A World of Commodore was held from 3 to 5 July 1992 at the Sydney Convention and Exhibition Centre, Darling Harbour, Sydney, Australia.

World of Commodore 1992 was held in Pasadena, California in September 1992; attendance was estimated at nearly 20,000. Commodore used the event to introduce the Amiga 4000, the Amiga 600 and Amiga 600HD, AmigaDOS 3.0, and the A570 CD-ROM drive for the Amiga 500. Commodore also presented "Father of the Amiga" Jay Miner with one of the first Amiga 4000s. Third-party exhibitors releasing and demonstrating new products included SAS Institute, Scala, Inc., Gold Disk, and Digital Creations.

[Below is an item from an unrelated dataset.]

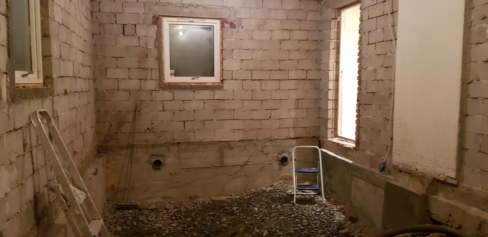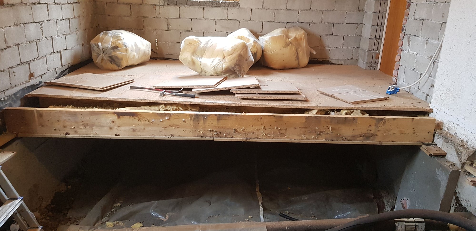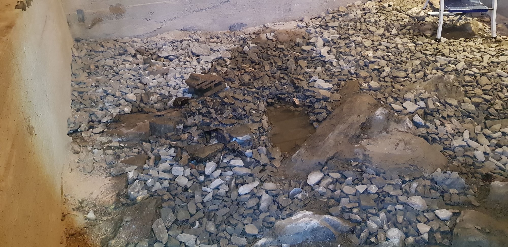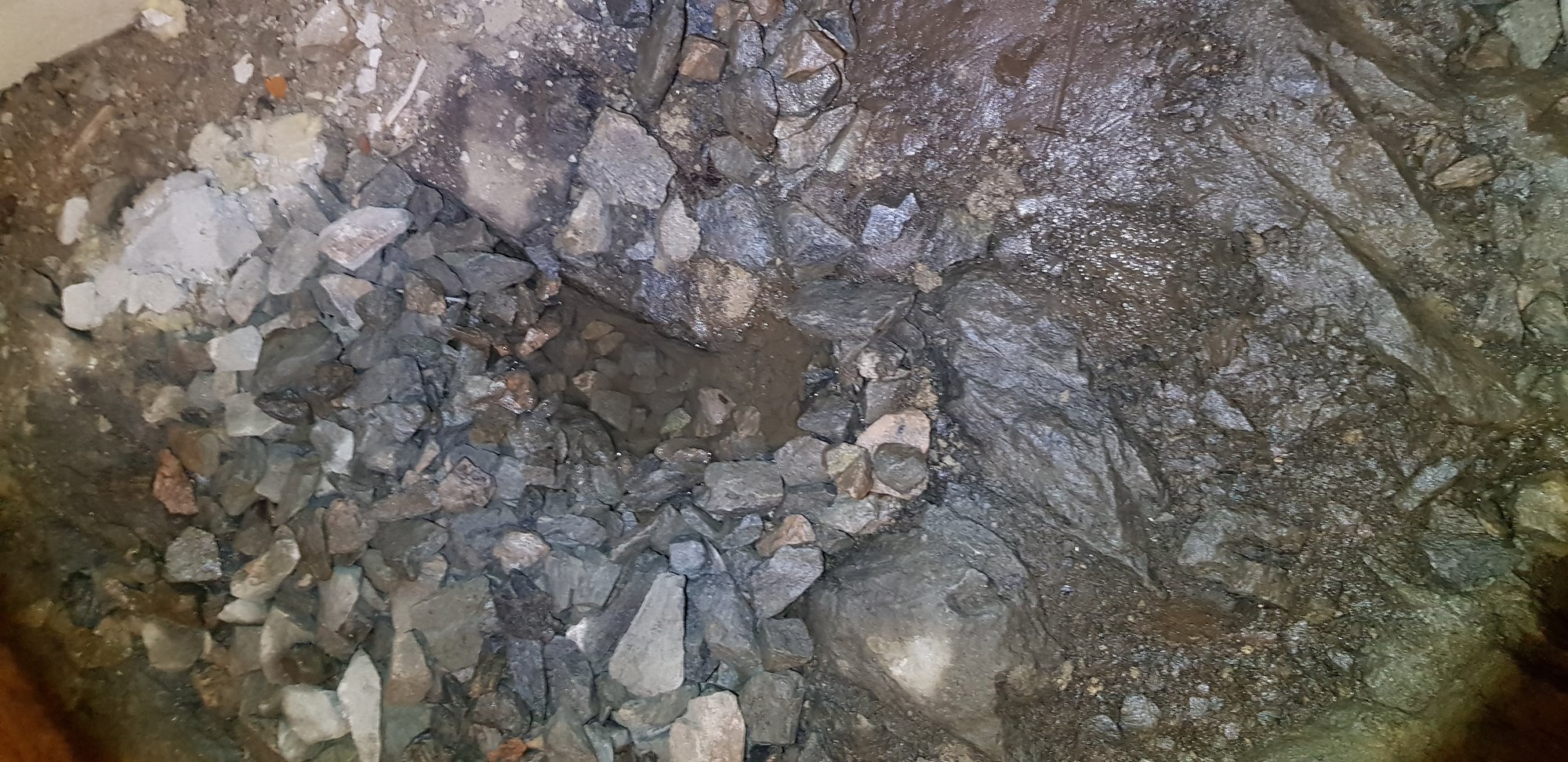 Fra før var pukk og berg dekket med en hullete og løs fuktsperre. Asfaltpappen på bunn av gulvbjeler var noe hvit og. Kunne se ut som sopp.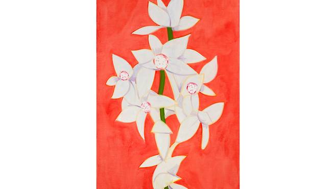 카츠가 코로나19 시기에 집중한 '꽃' 연작 가운데 하나인 이 작품은 가로 122.3cm, 세로 183.5cm로 붉은 배경에 난초가 그려져 있으며 색의 밀도와 구성 면에서 완성도가 높다는 평가를 받고 있습니다.

A World of Commodore/Amiga 1992 took place at the Frankfurt Trade Fair grounds in Frankfurt am Main, Germany from 26 to 29 November 1992. The expo was colocated with the Amiga '92 show; there were around 150 exhibitors and visitor attendance was expected to reach 100,000. Though the expo included a special anniversary celebration for the Commodore 64, only a very small minority of exhibitors and visitors were 8-bit computer users.

===1993===

World of Commodore and World of Commodore/Amiga expos were held in several locations in 1993, including New York City; Sydney, Australia; Pasadena, California; Cologne, Germany; and Mississauga, Ontario.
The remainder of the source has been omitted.